× NETGEAR will be terminating ReadyCLOUD service by July 1st, 2023. For more details click here.
Orbi WiFi 7 RBE973
Reply

Re: RN424 Resynch Ended Degraded

SDBloco
Aspirant

RN424 Resynch Ended Degraded

Drives Installed: 2x Seagate ST4000DM006, 4 TB SATA 6Gb/s 64MB Cache, 7200 rpm.

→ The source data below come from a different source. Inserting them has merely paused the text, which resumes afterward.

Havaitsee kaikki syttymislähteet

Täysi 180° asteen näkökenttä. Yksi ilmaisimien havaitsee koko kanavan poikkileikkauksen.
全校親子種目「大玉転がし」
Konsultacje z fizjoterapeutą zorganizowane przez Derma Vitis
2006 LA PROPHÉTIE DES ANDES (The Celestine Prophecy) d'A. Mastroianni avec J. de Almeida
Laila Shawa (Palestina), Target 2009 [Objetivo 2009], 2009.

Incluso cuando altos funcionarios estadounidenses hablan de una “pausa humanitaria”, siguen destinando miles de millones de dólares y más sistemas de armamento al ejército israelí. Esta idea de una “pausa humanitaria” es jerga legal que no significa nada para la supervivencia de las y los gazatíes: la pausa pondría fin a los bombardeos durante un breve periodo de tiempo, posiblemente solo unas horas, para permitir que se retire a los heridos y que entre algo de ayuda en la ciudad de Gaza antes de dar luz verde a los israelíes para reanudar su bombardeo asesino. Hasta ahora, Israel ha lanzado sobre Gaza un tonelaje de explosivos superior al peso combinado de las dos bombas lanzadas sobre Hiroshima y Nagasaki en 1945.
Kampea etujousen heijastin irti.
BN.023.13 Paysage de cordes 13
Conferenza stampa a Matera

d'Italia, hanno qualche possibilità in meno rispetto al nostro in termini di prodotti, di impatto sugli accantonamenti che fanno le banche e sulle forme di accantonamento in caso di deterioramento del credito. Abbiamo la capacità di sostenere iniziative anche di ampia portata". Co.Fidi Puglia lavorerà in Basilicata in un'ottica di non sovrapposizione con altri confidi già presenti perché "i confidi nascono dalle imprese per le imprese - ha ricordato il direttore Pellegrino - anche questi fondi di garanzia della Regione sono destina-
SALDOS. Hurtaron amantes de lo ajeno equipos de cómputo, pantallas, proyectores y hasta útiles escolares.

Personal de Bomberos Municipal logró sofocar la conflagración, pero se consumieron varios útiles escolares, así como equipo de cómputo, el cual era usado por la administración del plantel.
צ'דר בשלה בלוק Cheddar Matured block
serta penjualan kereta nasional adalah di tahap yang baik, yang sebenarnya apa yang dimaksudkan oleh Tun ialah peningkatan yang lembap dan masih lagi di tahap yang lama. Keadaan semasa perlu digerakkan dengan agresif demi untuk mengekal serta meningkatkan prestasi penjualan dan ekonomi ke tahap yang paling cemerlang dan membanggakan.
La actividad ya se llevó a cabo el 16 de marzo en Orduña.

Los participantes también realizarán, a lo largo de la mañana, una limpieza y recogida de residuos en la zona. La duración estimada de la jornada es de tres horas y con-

Installed OS Version: ReadyNAS 6.10.2.

Description: In an effort to expand the capacity of this NAS system, I ordered two additional Seagate drives of the same model, size, and specifications. However, I received two incorrect drives, Seagate ST4000DM004 drives which are different only in their lower, 5400 rpm spin rate.

After installing the first of the new drives in slot 3 of the RN424 chassis, I received a message that Resynching had started on the volume (see below for a complete copy of the relevant logs). I also received a warning that I should not mix different disk types, noting that the RPM values are different. This was the first indication that I received that the disks shipped to me were not what I ordered. I removed the offending disk within 4 minutes, and am in the process of returning it to the vendor. I will be getting the correct disks soon.

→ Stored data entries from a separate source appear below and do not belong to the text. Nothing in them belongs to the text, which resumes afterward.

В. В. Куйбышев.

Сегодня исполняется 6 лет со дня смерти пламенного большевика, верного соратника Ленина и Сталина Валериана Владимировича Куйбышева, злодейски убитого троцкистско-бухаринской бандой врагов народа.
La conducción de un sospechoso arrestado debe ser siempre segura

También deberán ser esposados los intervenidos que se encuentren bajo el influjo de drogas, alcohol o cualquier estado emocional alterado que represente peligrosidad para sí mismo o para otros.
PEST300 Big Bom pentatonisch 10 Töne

My questions relate to the resulting state of the RAID-5 (X-RAID) volume, which continued to resynch after I removed the offending drive. This resynch took 18 hours, and left the volume in a degraded state. Neither of the two original drives is showing any ATA or Sector errors.

First, has the data on the volume been damaged? I have a complete and current backup, but prefer avoid the hassles of restoring 2.5TB. (For the moment, I have blocked users from making changes to data on the drive.)

Second, after reading Netgear ReadyNAS support forums, it appears the only way to force another resynch of the existing pair of drives is to pull one from the chassis and reinsert it. Can I initiate a resynch from the WebUI admin interface? If not, can this be done via SSH and the OS CLI?

Third, if I force another resynch, will that damage the data on the volume since it is currently in a degraded (but apparently useable) state?

Have I missed anything that I can do to fix the volume state short of a full resynch? I have tried to scrub the volume, and a disk test did not indicate anything notable. I do not see that defragging or balancing will have any impact.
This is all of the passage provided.